On Monday morning, I saw the sunrise over various police agencies dismantling (again) Occupy Oakland tents. That evening, I marched back at sunset with other protesters to take back the plaza. The night before, Denver and Portland authorities moved in to take down local occupy encampments and a swat team stormed an Occupy group’s takeover of an abandoned building in Chapel Hill. The next day, I watched a livestream of Occupy Wall Street being raided.
Then, on Tuesday, the Occupy Cal (University of California-Berkeley) and Occupy Oakland movements converged with a full-sized tent on a large stick as the symbol of the union, and the movement. Soon after, the joint (largest ever) General Assemblies voted to re-encamp the UC Berkeley campus. At this point, thousands of people were spilling out of Sproul plaza, and activists came in and ceremoniously placed five tents in the middle of the crowd to cheers. By this point, the crowd had swelled with a perimeter of people, many of whom were alumni of the famous 1964 free speech movement at the exact same spot, as the annual Mario Savio awards were about to be handed out. 10,000 people encircled, and in effect, revered a few camping tents. Why? Aside from their symbolism, tents matter.
Many in our Occupy Oakland movement question the focus and energy on tents, especially on public property. Why does camping matter? Why not focus on big banks rather than further bankrupting cities? Why can’t we do something rather than waste time and energy on camping? What is missing from these debates is how place matters. Clearly, the orchestration of the police raids on Occupy camps shows that place does matter for the 1%.
I first visited the Occupy Oakland site and the myriad tents in front of city hall with my son Liam, 8, in the afternoon during its first week. We soon found the kid zone, where he practiced capoeira, a Brazilian martial art, with new friends. I chatted with other parents and caregivers about how we all need more collective childcare support. Then, we wandered over to the food tent, where local businesses donate food which is prepared and handed out freely. But Liam was particularly fascinated with the bicycle operated generator which was giving power to the camp.
The Occupy Oakland camp is about many things, not the least of which is to build the type of society in which supporters envision. Activists are often portrayed in the media as “angry” or “against something” – which, well, we may be, as we see an escalating income gap, but the Occupy movement is much more than that. It is about creating what protesters often chant “This is what democracy looks like.” It is about creating a more egalitarian and collective society. And it is this Occupy optimism that is spreading like wildfire across the country.

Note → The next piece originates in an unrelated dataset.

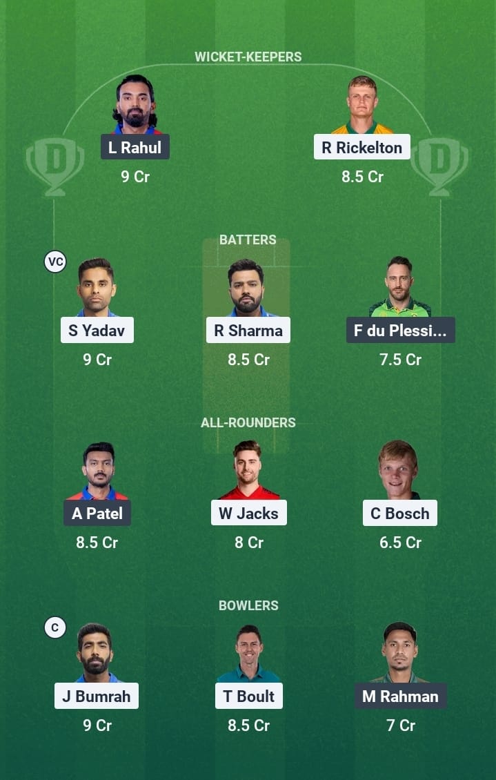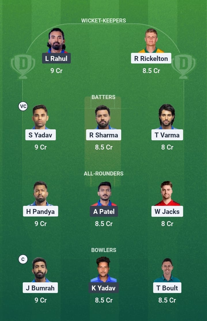 Ryan Rickelton (wk), Rohit Sharma, Will Jacks, Suryakumar Yadav, Tilak Varma, Hardik Pandya (c), Naman Dhir, Corbin Bosch, Deepak Chahar, Trent Boult, Jasprit Bumrah, Ashwani Kumar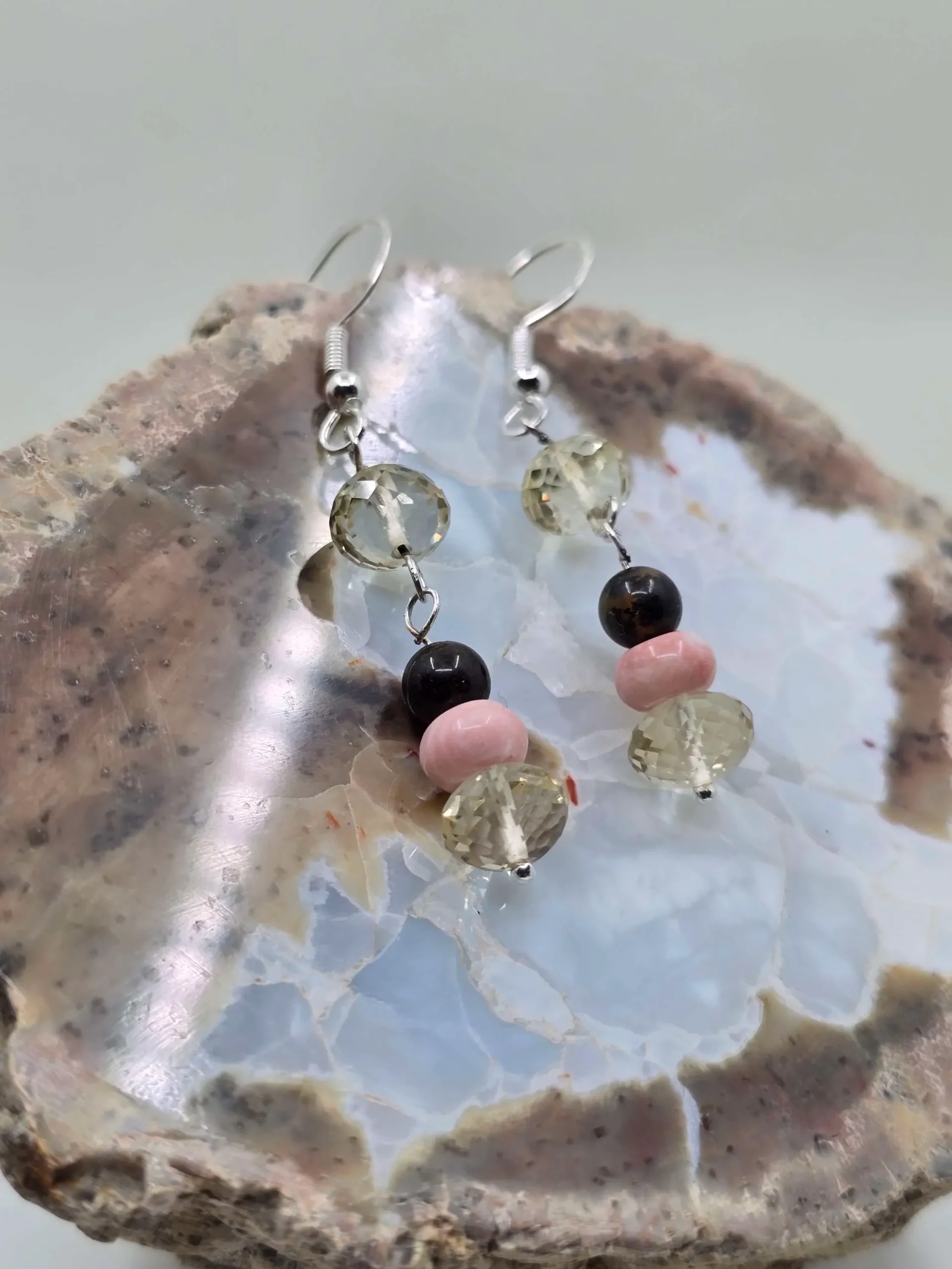 All three stones are Oregon natives. The first is “Vanilla” (or clear) Oregon Sunstone. The second is a “Chocolate” Oregon Fire Opal from Opal Butte near John Day. The third pink stone, you may not be familiar with. It’s a pink common opal, also found near Opal Butte from the Pink Lady mine. This one, I call “Strawberry” pink opal. It’s rounded out by another sweet “Vanilla” Oregon Sunstone bead.

This institution building in a collective space is what many liberation movements have done around the world – from the communal villages of health clinics and schools with the FMLN in El Salvador to the childcare and breakfast programs with the Black Panthers here in Oakland. This organizing of local institutions is not just about providing basic services that the state or private sector is not – it provides a central and safe way around which people can begin to get involved in activism, as well as anchoring the organizing.
A public space also invites a broad, inclusive group of people, not just people who feel allegiance to one group’s physical space. In my documentary filmmaking days, I tried to have film screenings in public venues, such as an art house theater, rather than only in churches or union halls, which will attract one type of audience. Similarly, by having Occupy Oakland, Occupy Wall Street or Occupy Anywhere in an open public space, the movement is more welcoming to people who just want to stop by to check it out. As with me, that can lead to more and more involvement over time.
This public space for General Assemblies is also critical. These are when proposals are discussed, debated and voted on among hundreds, sometimes thousands, as to what Occupy Oakland, in this case, should do next. It is mesmerizing to participate in such mass democracy in action in which anyone can speak and make proposals, rather than backroom deals and decision-making by the highest paid lobbyists.
This morning, I was chatting with a friend who has supported and written extensively about Native political movements. She talked about how the lack of a common place for native communities eliminates the ability to establish sacred rituals. Having a common place is also critical for political movements for cohesion and unity.
More broadly, though, the message that the “occupy” in the Occupy movement sends to the strong believers in individual property rights, who, by the way, also tend to be the 1% who owns most of the property, is that we are taking back that which we have labored – whether a park in Manhattan, in front of city hall in Oakland or an abandoned car dealership in Chapel Hill, NC. Antonio Gramsci wrote over 80 years ago that these “wars of position” are a way not only to anchor political organizing but help inspire and mobilize the general public.
Tents are not just about camping or even squatting. They are about the significance of place and questioning ownership. The 99% recognizes this, which is why the Occupy movement and the encampment tactic have spread like wildfire. Wall Street and the Department of Homeland Security recognize this, which is why they have reportedly orchestrated raids the last week. What the 1% does not understand is that dismantling the tents will not put out our fire. Our longing for collective place – and action – are much deeper than camping out. Pass the collective s’mores, please.